Чтобы рассчитать расстояние между последовательностями ITS ДНК для каждого растения, вам нужно сравнить каждую из них и подсчитать количество замен нуклеотидов. Мы рассмотрим ваши последовательности и посчитаем расстояние между ними в условных единицах (у.е.).
- Роза (Rosa sp.): GAAUUCCUAGUAAGCG
- Спирея (Spiraea sp.): CCCUUGGGAGGGGAAC
- Слива (Prunus sp.): GCCCUUGGGAGGGGAA
- Яблоня (Malus sp.): GCCCUUGGGGGGGGAA
Теперь мы будем сравнивать последовательности попарно:
- Роза (1) и Спирея (2): Разные по 13 нуклеотидам.

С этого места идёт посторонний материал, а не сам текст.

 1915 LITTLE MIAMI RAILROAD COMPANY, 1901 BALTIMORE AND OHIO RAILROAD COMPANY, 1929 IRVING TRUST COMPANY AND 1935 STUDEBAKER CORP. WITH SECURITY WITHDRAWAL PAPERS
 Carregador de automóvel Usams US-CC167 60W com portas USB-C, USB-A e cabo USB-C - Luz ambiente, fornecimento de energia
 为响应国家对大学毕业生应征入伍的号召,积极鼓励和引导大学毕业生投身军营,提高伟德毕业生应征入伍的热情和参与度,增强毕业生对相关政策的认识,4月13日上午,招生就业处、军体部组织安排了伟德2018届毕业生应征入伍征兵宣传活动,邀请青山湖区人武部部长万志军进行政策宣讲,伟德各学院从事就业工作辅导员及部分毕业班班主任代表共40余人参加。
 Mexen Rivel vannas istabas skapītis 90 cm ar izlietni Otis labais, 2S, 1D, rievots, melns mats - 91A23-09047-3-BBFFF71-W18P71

- Роза (1) и Слива (3): Разные по 12 нуклеотидам.
- Роза (1) и Яблоня (4): Разные по 12 нуклеотидам.
- Спирея (2) и Слива (3): Разные по 9 нуклеотидам.

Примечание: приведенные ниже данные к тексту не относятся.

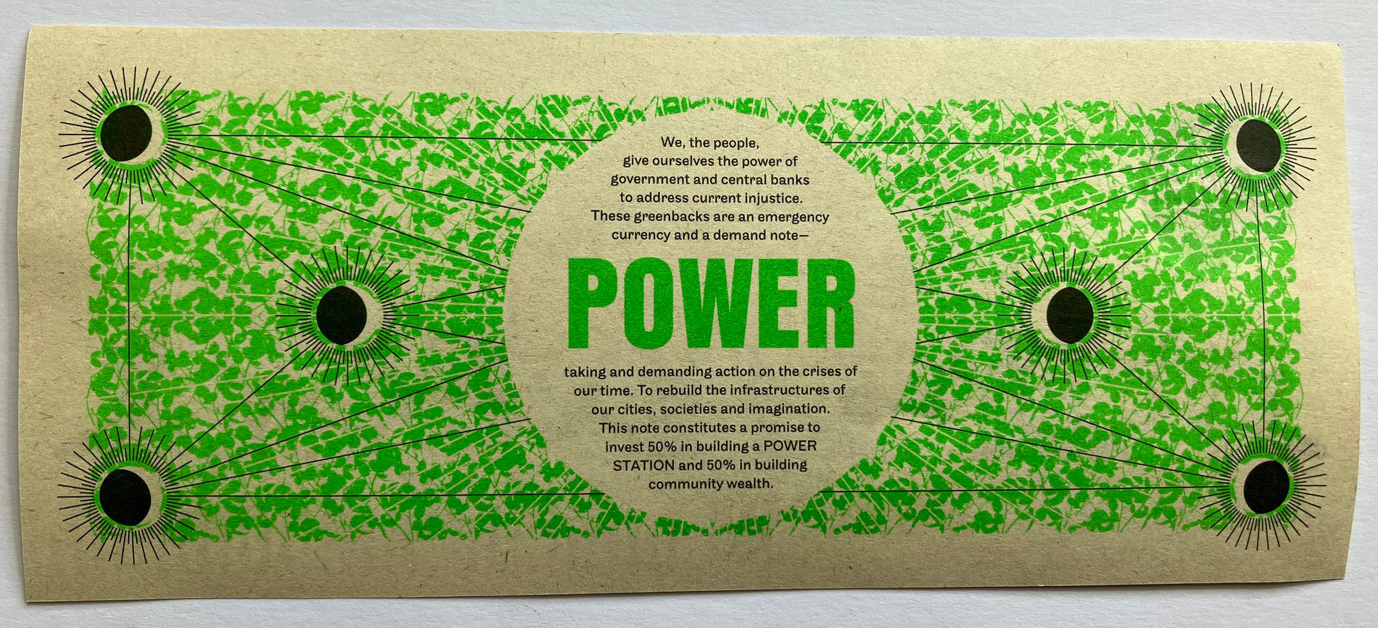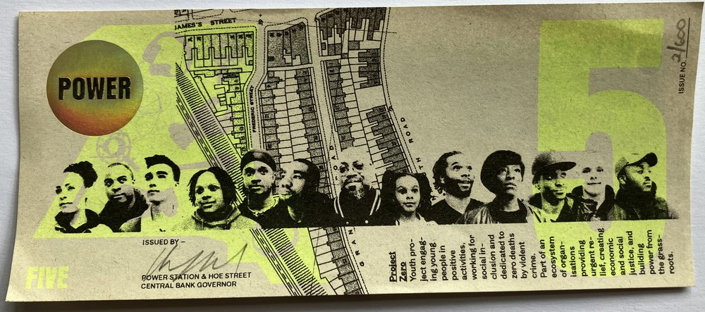 All Greenbacks were made in public in May 2022 in Walthamstow, North East London by a team of local people trained in riso printing, uv ink screen printing and foil blocking.
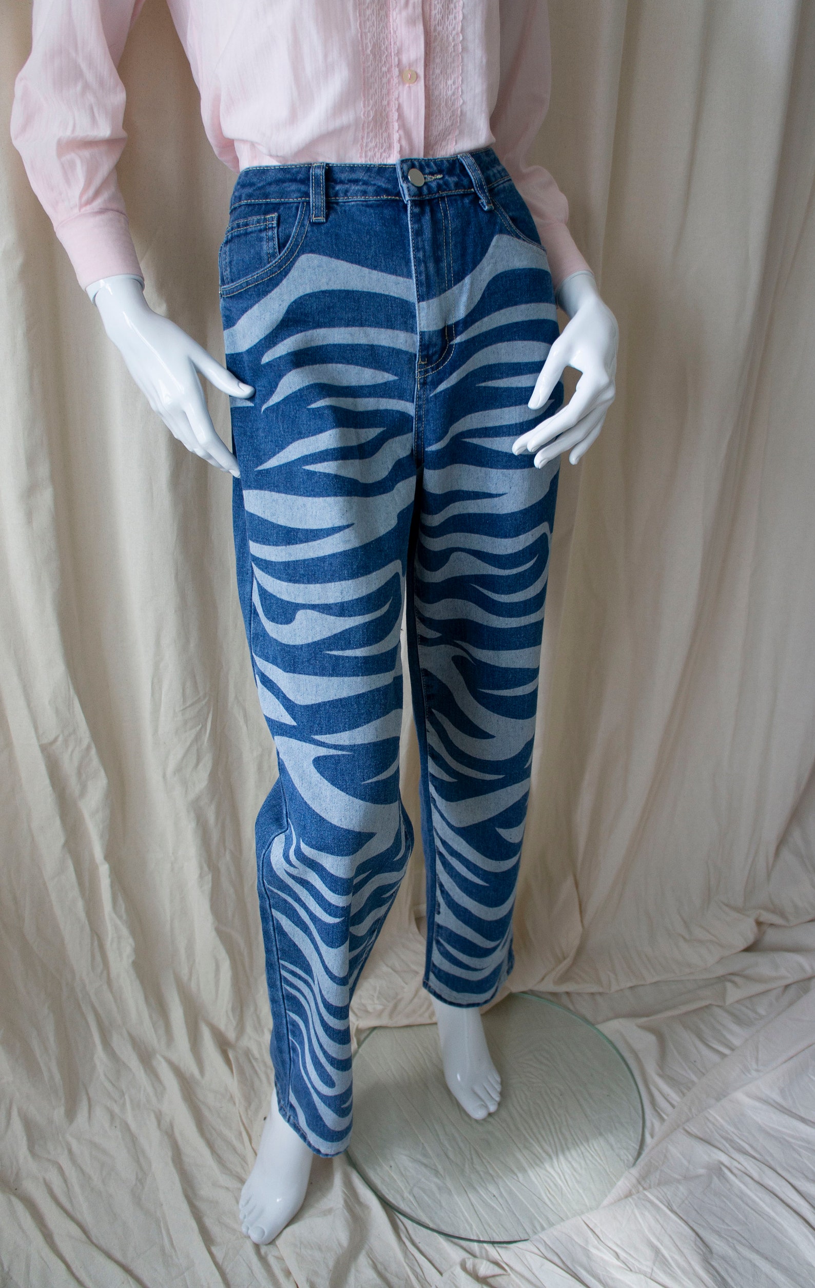 zebra denim jeans

- Спирея (2) и Яблоня (4): Разные по 10 нуклеотидам.
- Слива (3) и Яблоня (4): Разные по 1 нуклеотиду.
Теперь, подводя итоги, получим следующие расстояния:
- Дистанция (Роза, Спирея) = 13 у.е.
- Дистанция (Роза, Слива) = 12 у.е.
- Дистанция (Роза, Яблоня) = 12 у.е.
- Дистанция (Спирея, Слива) = 9 у.е.
- Дистанция (Спирея, Яблоня) = 10 у.е.
- Дистанция (Слива, Яблоня) = 1 у.е.
Теперь, основываясь на этих дистанциях, вы можете построить филогенетическое дерево. В листьях дерева будет:
- Роза (1)
- Спирея (2)
- Слива (3)
- Яблоня (4)
Чтобы закончить построение дерева, обычно используются алгоритмы (такие как метод минимальных расстояний или алгоритм УPGMA), чтобы определить, как лучше разместить группы на основании расстояний. Результаты вероятно будут таковы (нумерации по порядку 1-4 отчётность по расстояниям):
┌── Роза (1)
┌────┤
│ └── Спирея (2)
────┤
│ ┌── Яблоня (4)
└────┤
└── Слива (3)
Выберите дальнейшие шаги для более детального расположения таксонов в зависимости от требуемого формата вашего задания.